Unsupervised Learning cheatsheet
By Afshine Amidi and Shervine Amidi
Introduction to Unsupervised Learning
- Motivation: The goal of unsupervised learning is to find hidden patterns in unlabeled data \(\{x^{(1)},...,x^{(m)}\}\).

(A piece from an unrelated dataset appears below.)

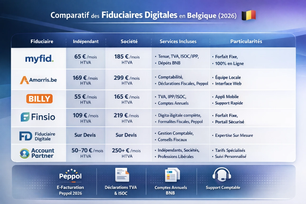 | Amarris.be | ~ €169 / mois HTVA | ~ €299 / mois HTVA | Interface web sécurisée + équipe comptable dédiée, facturation Peppol incluse. Prix publique 2026. |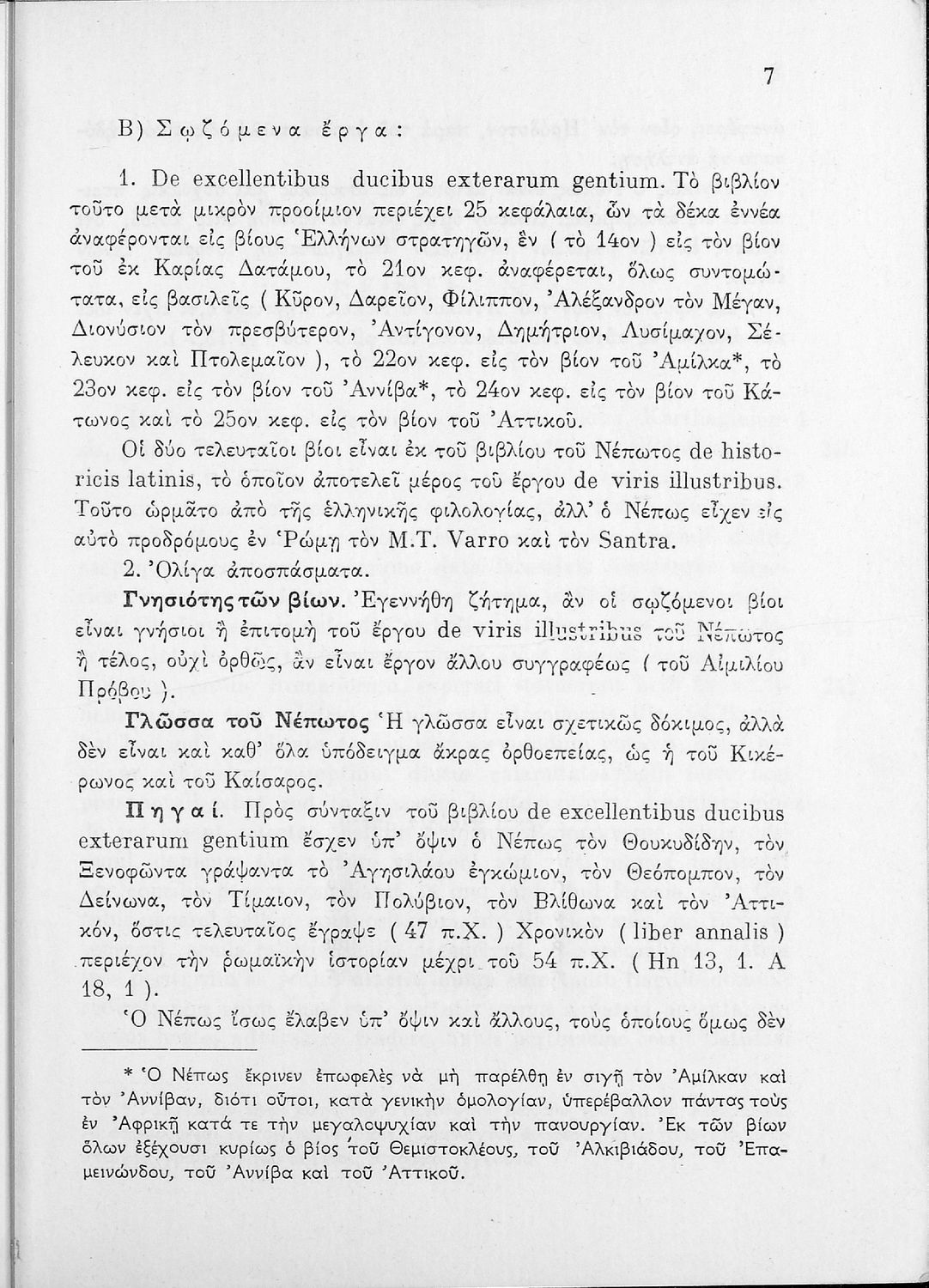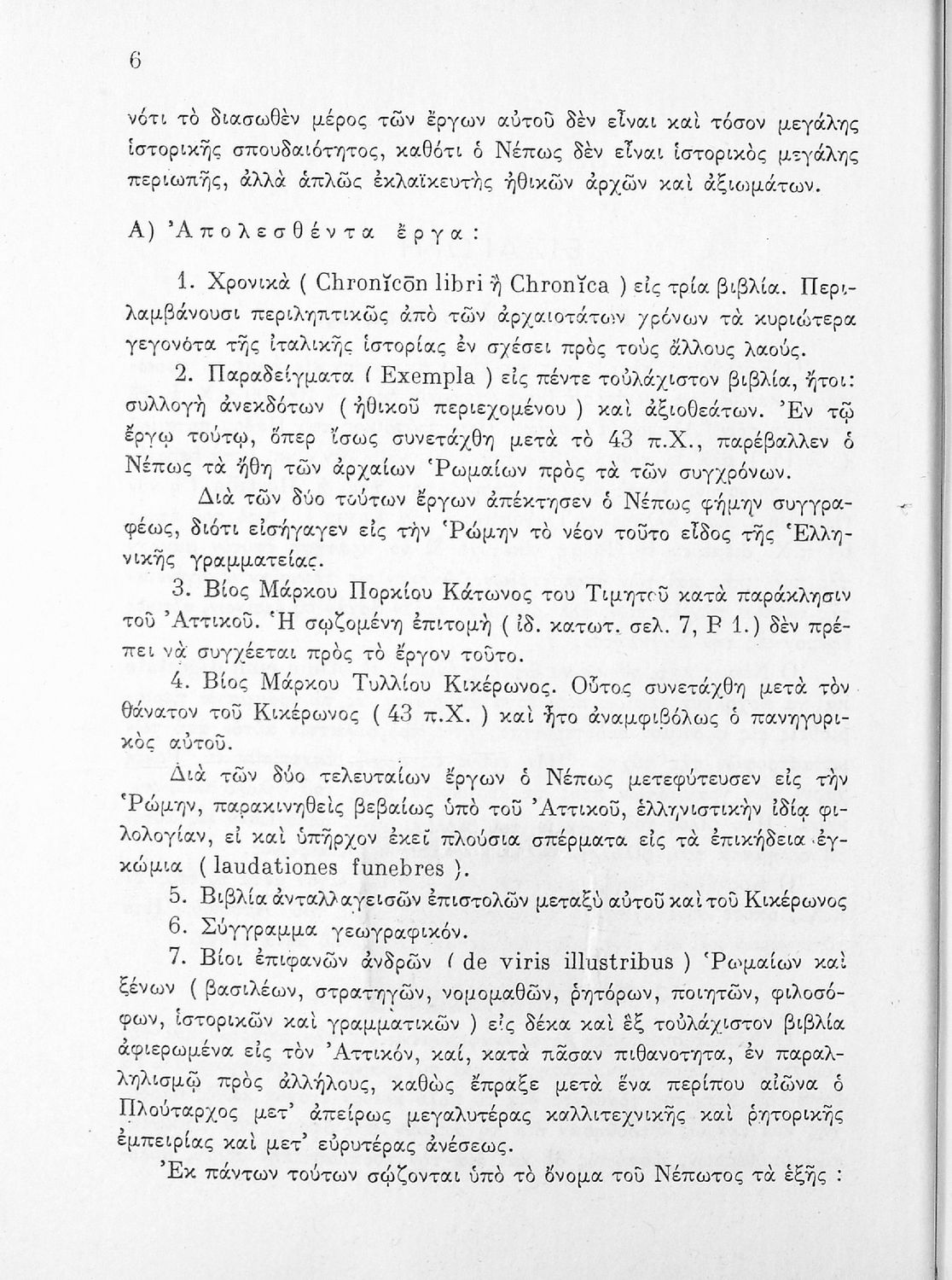 Σχολικό εγχειρίδιο Λατινικών που περιέχει σύντομο βιογραφικό σημείωμα του Νέπωτα, αποσπάσματα από τα έργα Αμίλκας, Αννίβας, Κάτων και Αττικός, ιστορικό και γεωγραφικό πίνακα και λεξιλόγιο. Ο συγγραφέας ήταν ακαδημαϊκός και καθηγητής της Λατινικής Φιλολογίας στο Πανεπιστήμιο Αθηνών.

- Jensen's inequality: Let \(f\) be a convex function and \(X\) a random variable. We have the following inequality:
\[ \boxed{E[f(X)]\geqslant f(E[X])} \]
Clustering
Expectation-Maximization
- Latent variables: Latent variables are hidden/unobserved variables that make estimation problems difficult, and are often denoted \(z\). Here are the most common settings where there are latent variables:
Setting | Mixture of \(k\) Gaussians | Factor analysis |
---|---|---|
Latent variable \(z\) | \(\textrm{Multinomial}(\phi)\) | \(\mathcal{N}(0,I)\) |
\(x|z\) | \(\mathcal{N}(\mu_j,\Sigma_j)\) | \(\mu_j\in\mathbb{R}^n, \phi\in\mathbb{R}^k\) |
Comments | \(\mathcal{N}(\mu+\Lambda z,\psi)\) | \(\mu_j\in\mathbb{R}^n\) |
Algorithm: The Expectation-Maximization (EM) algorithm gives an efficient method at estimating the parameter \(\theta\) through maximum likelihood estimation by repeatedly constructing a lower-bound on the likelihood (E-step) and optimizing that lower bound (M-step) as follows:
E-step: Evaluate the posterior probability \(Q_{i}(z^{(i)})\) that each data point \(x^{(i)}\) came from a particular cluster \(z^{(i)}\) as follows:
\[ \boxed{Q_i(z^{(i)})=P(z^{(i)}|x^{(i)};\theta)} \]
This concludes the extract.